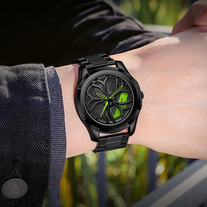 Men Steel Belt Quartz Watch with 3d Hollow out Wheel Design – Silver Green
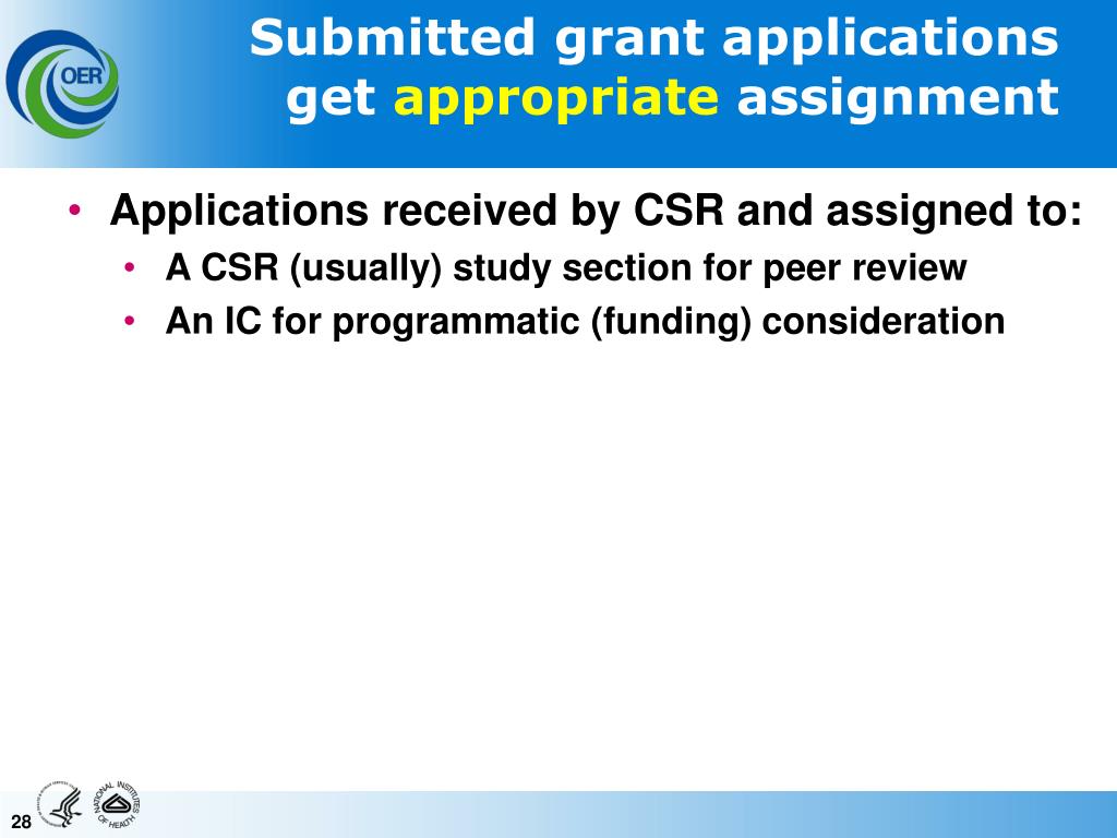 Submitted grant applications get appropriate assignment • Applications received by CSR and assigned to: • A CSR (usually) study section for peer review • An IC for programmatic (funding) consideration
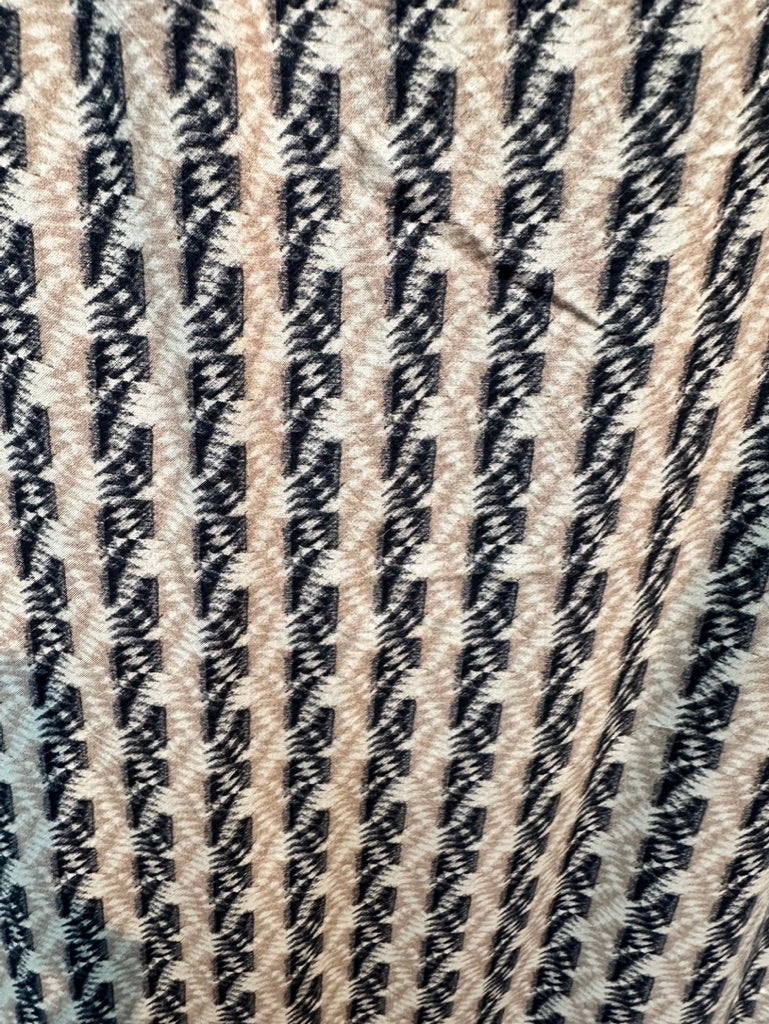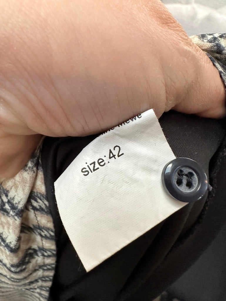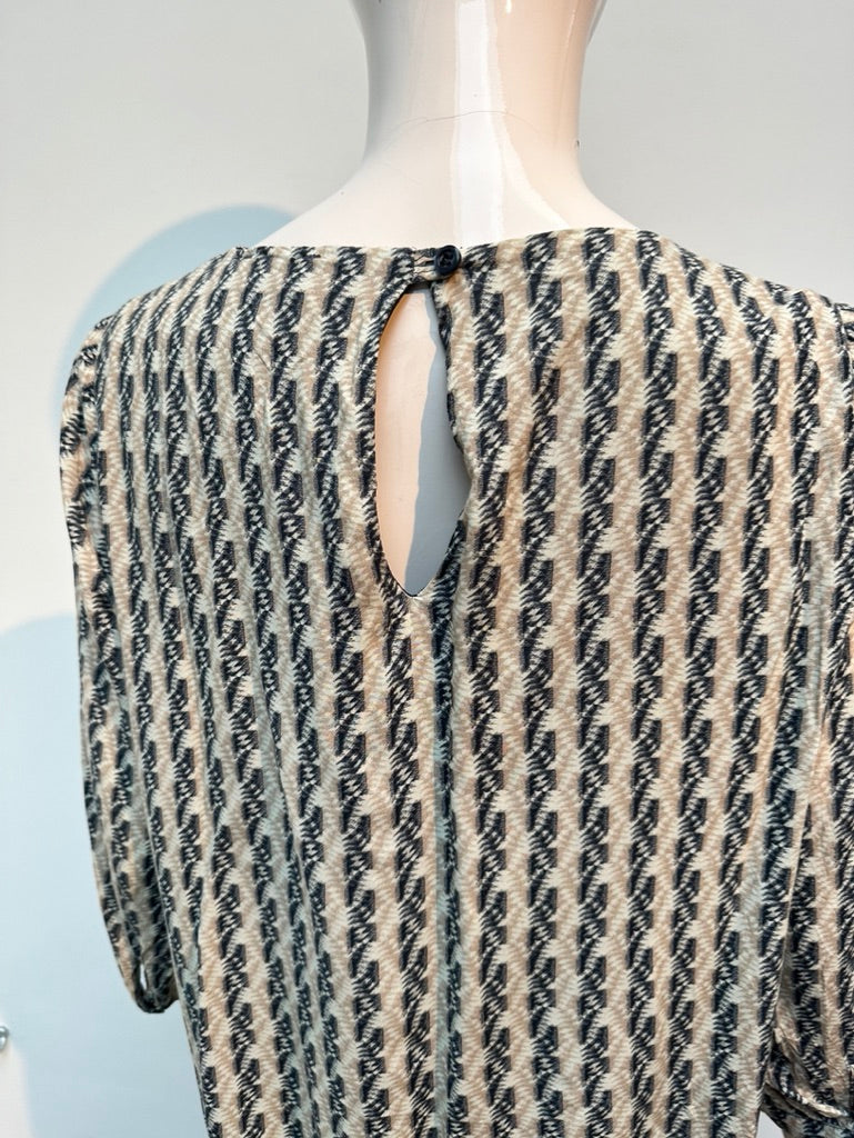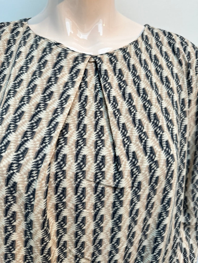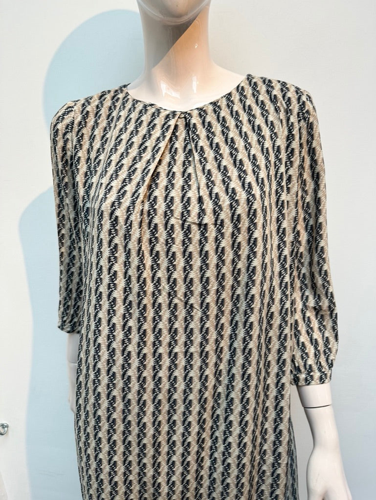 Mooie jurk met ronde hals en driekwart mouw, van soepele viscose. De jurk is deels gevoerd en ziet er nog erg mooi uit!
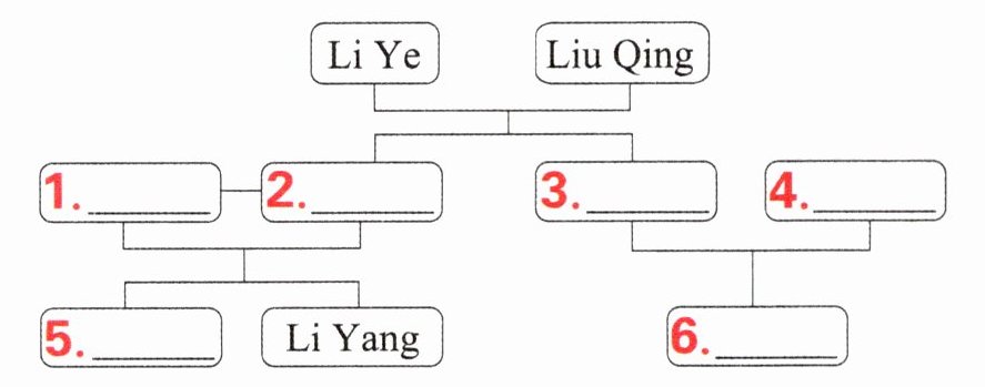 一、新邻居李洋热情地招待了亮亮和楠楠,并向他们介绍起了自己的家庭。请根据李洋的介绍,补全缺少的人名,填序号。

**Your goal:**
Print the listing exactly, minus any pictures.

**Written answer:**
 Men Steel Belt Quartz Watch with 3d Hollow out Wheel Design – Silver Green
 Submitted grant applications get appropriate assignment • Applications received by CSR and assigned to: • A CSR (usually) study section for peer review • An IC for programmatic (funding) consideration
 Mooie jurk met ronde hals en driekwart mouw, van soepele viscose. De jurk is deels gevoerd en ziet er nog erg mooi uit!
 一、新邻居李洋热情地招待了亮亮和楠楠,并向他们介绍起了自己的家庭。请根据李洋的介绍,补全缺少的人名,填序号。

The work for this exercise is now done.